The wide geographic base of support is also supporting the project’s considering how other resources may be suitable as base-materials for a ceramic membrane: “It would be possible to find an alternative organic material to orujillo [which is being used as a pore former] - to this end, other organic wastes will be tested” says Zuriaga.

Marble dust, with raw materials in the ceramic tile industry (clay, quartz and feldspar) is being used as an alternative

Presently, pilot-scale manufacturing of ceramic membranes is taking place at three REMEB partner ceramic-based research centres - ITC-UJI (Spain), Centro Ceramico (Italy), and SAM (Turkey) - using waste resources convenient in each region. Further afield, the Antonio Nariño University in Columbia will undertake analysis of the applicability of the REMEB MBR in view of circumstances in South America.

ITC-UJI are also currently collaborating with a ceramic tile manufacturing company to re-tool and adapt their manufacturing process to what’s required for the REMEB membrane.

Zuriaga says: “This is a new product for them to manufacture, so there’s a lot of information to share about the material properties we need to see in the membrane.” But Zuriaga is confident that alongside an effective ceramic membrane, REMEB’s outcomes could open doors to a new area of operations for ceramic manufacturers.

Technology validation

The REMEB ceramic membrane will be designed with application into existing MBRs, featuring polymeric membranes, in mind - allowing operators to readily switch to a ceramic solution. That being the case, BioWater Technology believes that facilitating access to ceramic membranes will have positive consequences beyond improving MBR operation and maintenance.
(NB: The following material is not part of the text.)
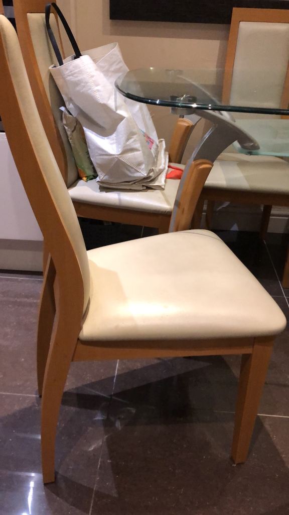 Matching chairs with cream leather affect seats and backrest.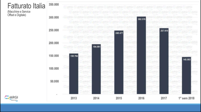 Nel corso della presentazione sono stati presi in esame i dati degli ultimi 5 anni e del 1° semestre del 2018. La prima evidenza è che il 2016, l’anno di drupa, resta l’anno che ha registrato la performance migliore seguita da un 2017 sempre positivo, ma meno eclatante del precedente. I dati, inoltre, confermano la crescita del digitale e confermano la tendenza degli stampatori di allargare la propria offerta affiancando alle macchine offset soluzioni di stampa digitale.

Xin notes, “There are certain applications that only ceramic membranes can fulfil. For instance, high temperatures, extreme pH levels, high oil or fat levels.”

Moreover, ceramic membranes represent a key enabler to the use of some technologies. One example is seen in how, or more specifically where, membranes may be incorporated into MBR systems.

Like many MBRs, BioWater’s Continuous Flow Intermittent Cleaning (CFIC) system - a next-generation biofilm technology - can take a side-stream setup, with membranes installed outside of the bioreactor.

In an alternative CFIC or MBR configuration, however, membranes may be placed within the biofilm reactor, alongside carriers. There is a problem here though: “Understandably, people may worry about bringing a plastic carrier into direct contact with a membrane - as there’s a risk of damaging the membrane. This risk is very real for polymer-based membranes, which are quite delicate.”

Teamwork: Everyone involved in delivering the REMEB project, led by Spanish water company FACSA

“But with ceramic-based membranes, the material is far more durable - this situation creates a very good opportunity to integrate the two processes; in other words, it makes it more feasible to incorporate membranes into the biological reactor.”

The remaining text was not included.